Dan banyak lagi celetukan-celetukan yang lainnya yang tak aku pedulikan.
Dibandingkan menjawab keingintahuan mereka, aku lebih memilih membereskan barang-barangku.
Melihatku yang tengah beres-beres, teman-teman satu ruangan ini beranjak menghampiri.
"Lo serius, La?" Arin memastikan, dan aku pun mengangguk.
"Aaarggh ... Alula ... gue sedih kalau lo pergi."
"Gue juga sedih, La."
"Apalagi gue, La. Kalau lo pergi, entar siapa dong yang bakalan jadi partner ghibah kita? Huhuhu ...."
Selanjutnya, suasana berubah menjadi sendu, dan penuh linangan air mata. Teman-teman bergantian memelukku sebagai tanda perpisahan.
Tadinya sih, aku tidak mau nangis, tapi karena terbawa suasana, jadinya ikutan nangis deh.
Tak dipungkiri ini cukup membuatku sedih.

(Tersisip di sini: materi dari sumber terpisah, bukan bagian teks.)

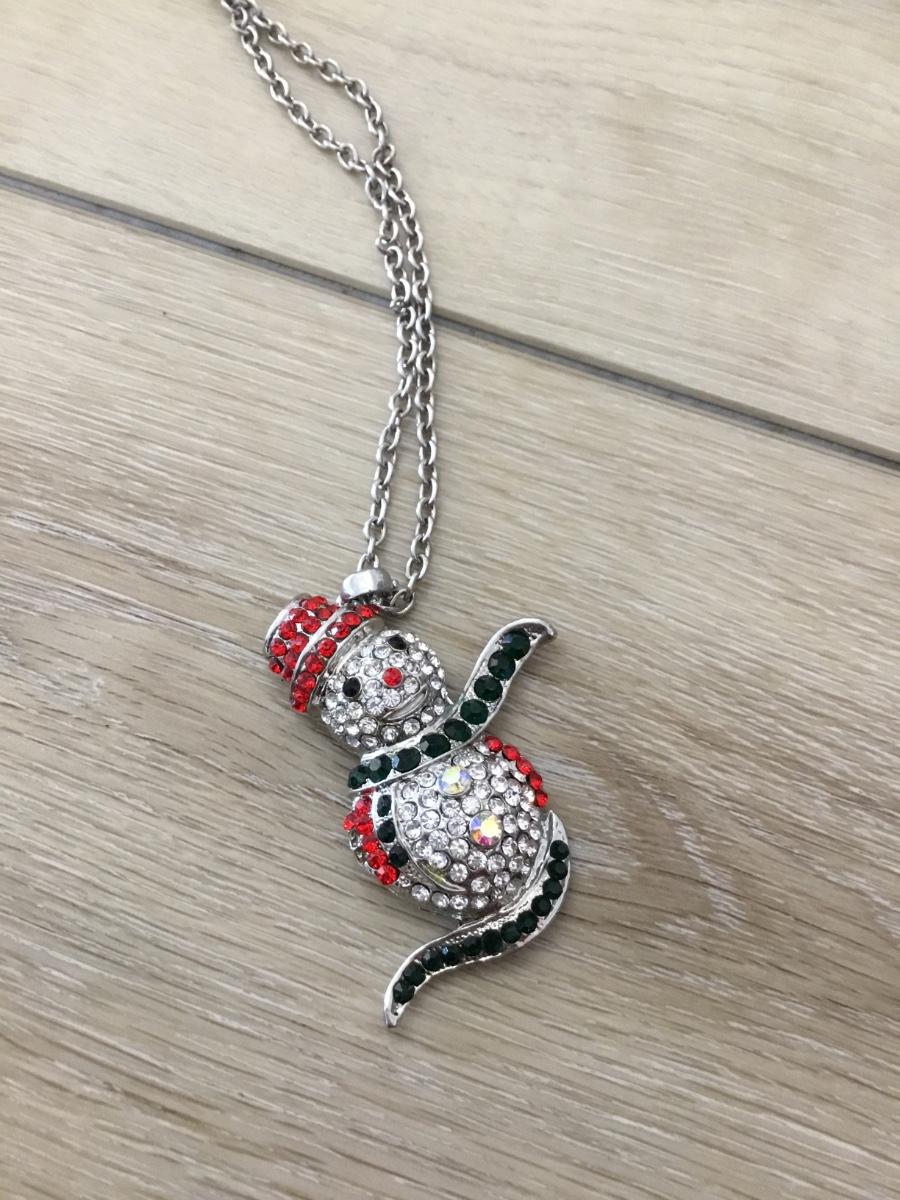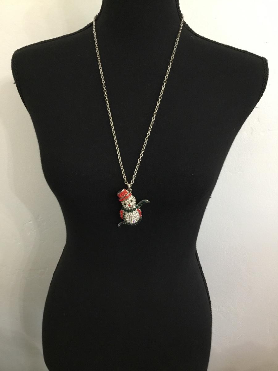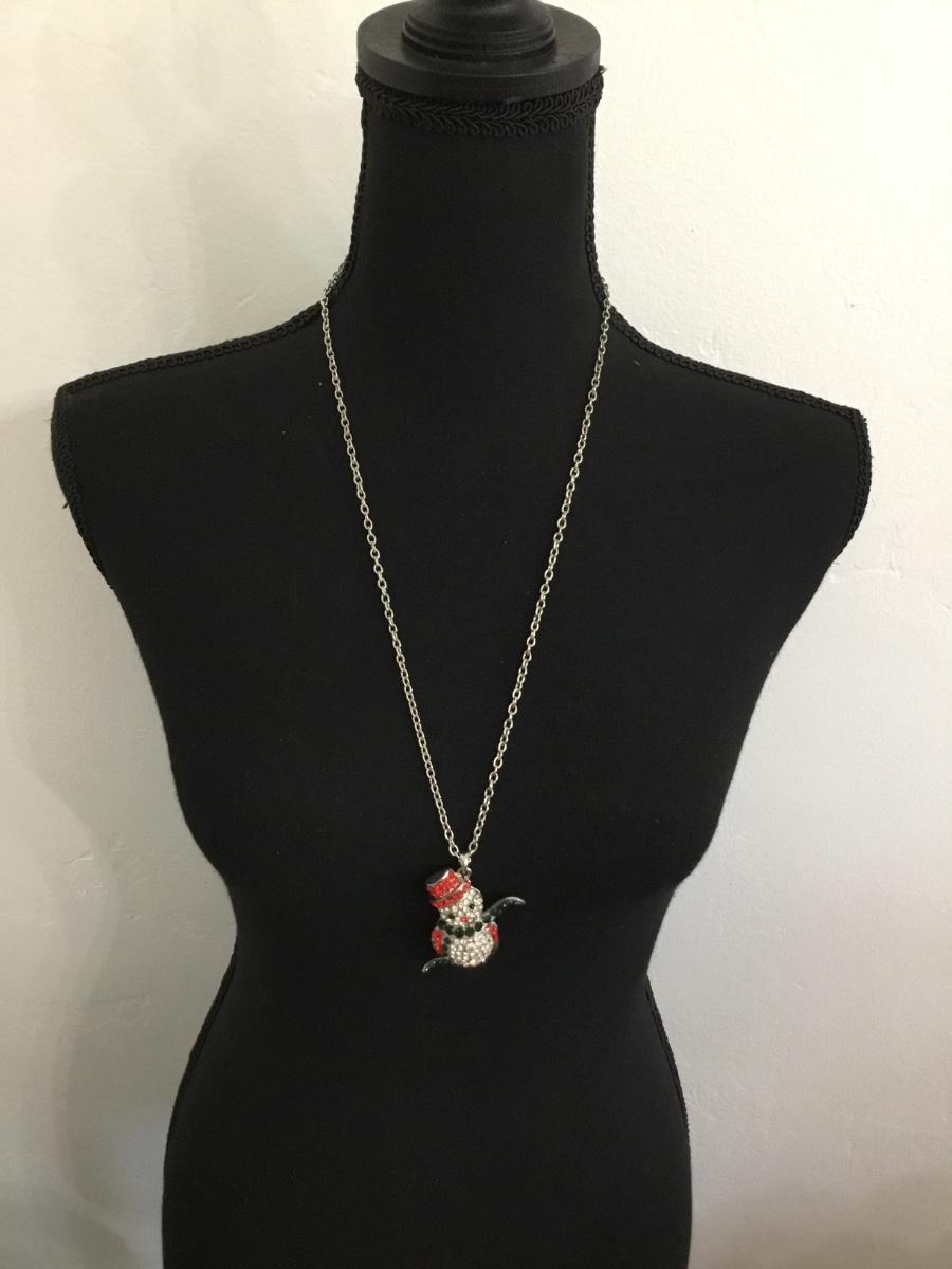 Silver tone rhinestone snowman necklace
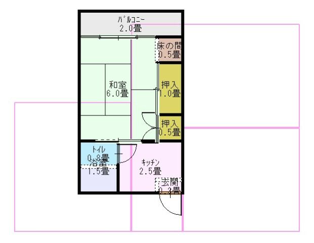 | 間取り | 1DK (和室:6畳) B・T同室/水洗トイレ/洗濯機置場/ユニットバス/給湯/シャワー |

Selain kehilangan pekerjaan, aku juga harus berpisah dengan teman-teman yang selama ini melewati masa-masa susah senang bersama.
=============================
Keluar dari kantor dengan predikat dipecat secara tidak terhormat, membuat kepalaku sedikit mendidih. Untung saja tidak sampai meledak. Coba deh, kalau benar-benar meledak, pasti akan terlihat mengerikan.
Ah, aku harus mendinginkan pikiran. Sedih boleh, frustasi jangan. Apalagi sampai depresi. Ih, jangan sampai. Bukan Alula namanya jika terus-terusan meratapi nasib.